My 5 high conviction holdings in the Long Term GARP model

Author: Yale Bock, Y H & C Investments

Covestor model: Long Term GARP

Disclosure: Long all stocks named

First, it is nice to begin the Long Term GARP Portfolio on Covestor after having success at Wealthfront, only to be disappointed by them changing to a new business model. Still, I believe the Long Term GARP portfolio did very well for investors for the last few years and see no reason why that would not be the case on Covestor, and we appreciate the opportunity they have provided.

The Covestor portfolio is essentially the same as the Wealthfront portfolio, with almost 85% of the market value held in 5 holdings: Liberty Interactive, Intuit, Direct TV, Quest Diagnostics, and Starbucks.

Quest Diagnostics and Starbucks reported earnings last week, and the portfolio has other holdings which will report in the following few weeks, including IAC Interactive, Liberty Interactive and Liberty Media, Moneygram, VCA Antech, and British Petroleum. The following are summaries of why the 85% of the portfolio assets are held in the top five holdings.

Reasons for Owning the Portfolio Holdings

1. Liberty Interactive (LINTA) – Owner of QVC, Provide Commerce, Bodybuilding.com, Evite.com, Gifts.com, 40% of Lockerz.com, 34% of Home Shopping Network, 26% of Expedia.com, 26% of TripAdvisor.com, 30% of Interval Leisure Group, and 25% of Lending Tree.

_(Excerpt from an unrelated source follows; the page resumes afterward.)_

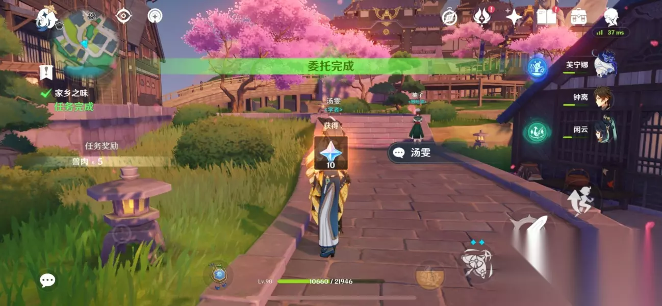 对话结束,完成任务,奖励10原石 同时获得成就——璃月一番(5原石)
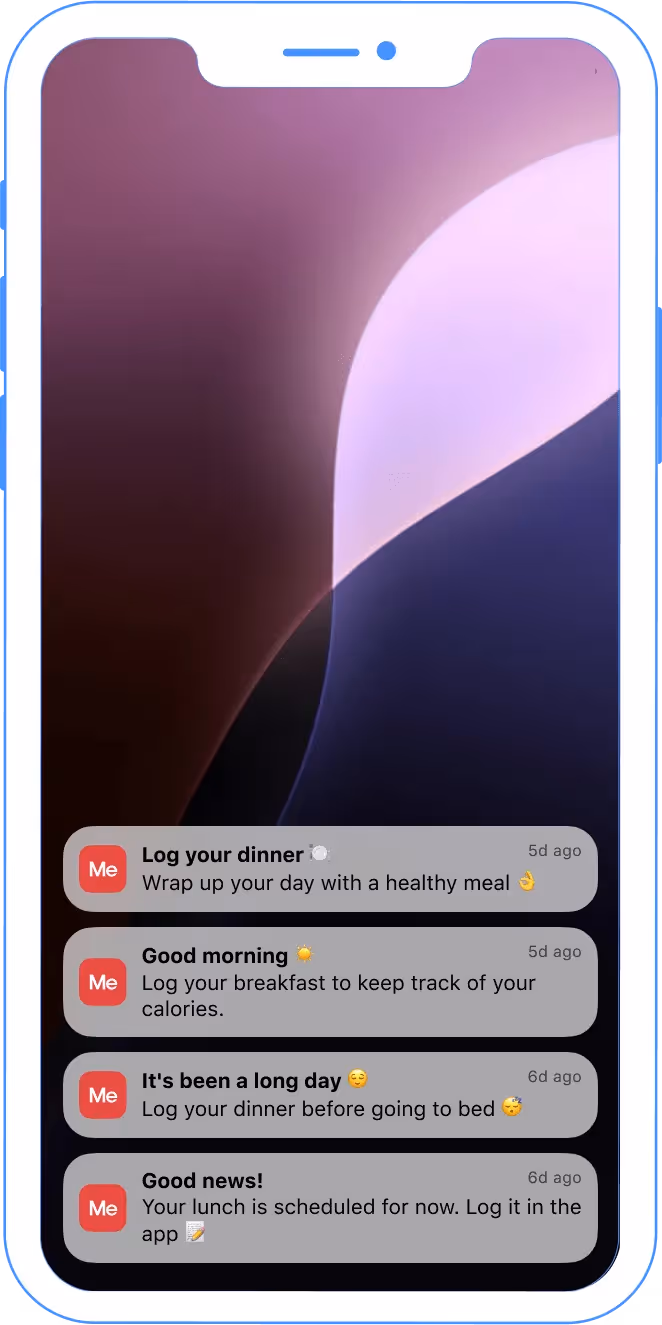 BetterMe: Health Coaching Mobile Push Notification Flow Screens

Lots of great assets here. The company generates approximately $1.5 billion per year of EBITDA, and its debt is at low rates, with some of it maturing in 2029 and 2030. The business is not capital intensive and generates a great deal of free cash flow. Management has indicated over the next 3 years it will have about 5 billion dollars of cash to find places to allocate, either through buying back shares, buying other companies, or adding to existing ownership positions. (Source: Liberty Interactive Presentation-slide 17, Liberty InvestorDay, 11/17/2011)

One never knows what John Malone and Greg Maffei are going to do, but I do believe they are trying as hard as they can to increase shareholder value.

2. Direct TV (DTV) – The largest satellite television provider in the United States and South America, the company has 20 million subscribers in the U.S. and 10 million in South America. South America is the growth market, as DTV is adding 1.5-2 million subscribers per year. The company generated $5 billion of operating cash flow last year and bought back over $5 billion of company stock as well. The balance sheet has manageable debt at 2.5 times EBITDA and it is financed at low interest rates. There is speculation DTV will institute a dividend in 2012, but we will see how that plays out. (Source: DTVinvestorrelations)

3. Quest Diagnostics (DGX) – Largest health care diagnostic testing company in the United States. The company’s most recent earnings release was better than expected. Quest will be hiring a new CEO in the next few months, and they acquired three companies in the last couple of years. The company generates over a billion dollars per year in cash and has a non capital intensive business which allows for management to search for acquisitions, make share repurchases, and raise the dividend. DGX recently increased their dividend by 70% in the last quarter.

4. Intuit (INTU) – Owner of Quickbooks, Turbotax, Mint.com, and GoPayment businesses, INTU generates over $1 billion per year in cash and almost all of it is free cash flow. The company is expanding its different businesses in different geographic regions, including the U.K., India, Canada, and Asia. The company instituted a 15 cents per quarter dividend in the 3rd quarter of 2011. The balance sheet is strong, with debt and cash of about one billion each. (Source: Intuit IR)

5. Starbucks (SBUX) – Largest coffee and tea company in the world, expanding the business into juice, as well as growing the presence in China. In the most recent earnings report, revenues were up 16% and net profit up 10% versus a year ago. The company just announced it is entering India as well The company pays a 17 per cent a share dividend each quarter, which was increased 30% in each of the last two years.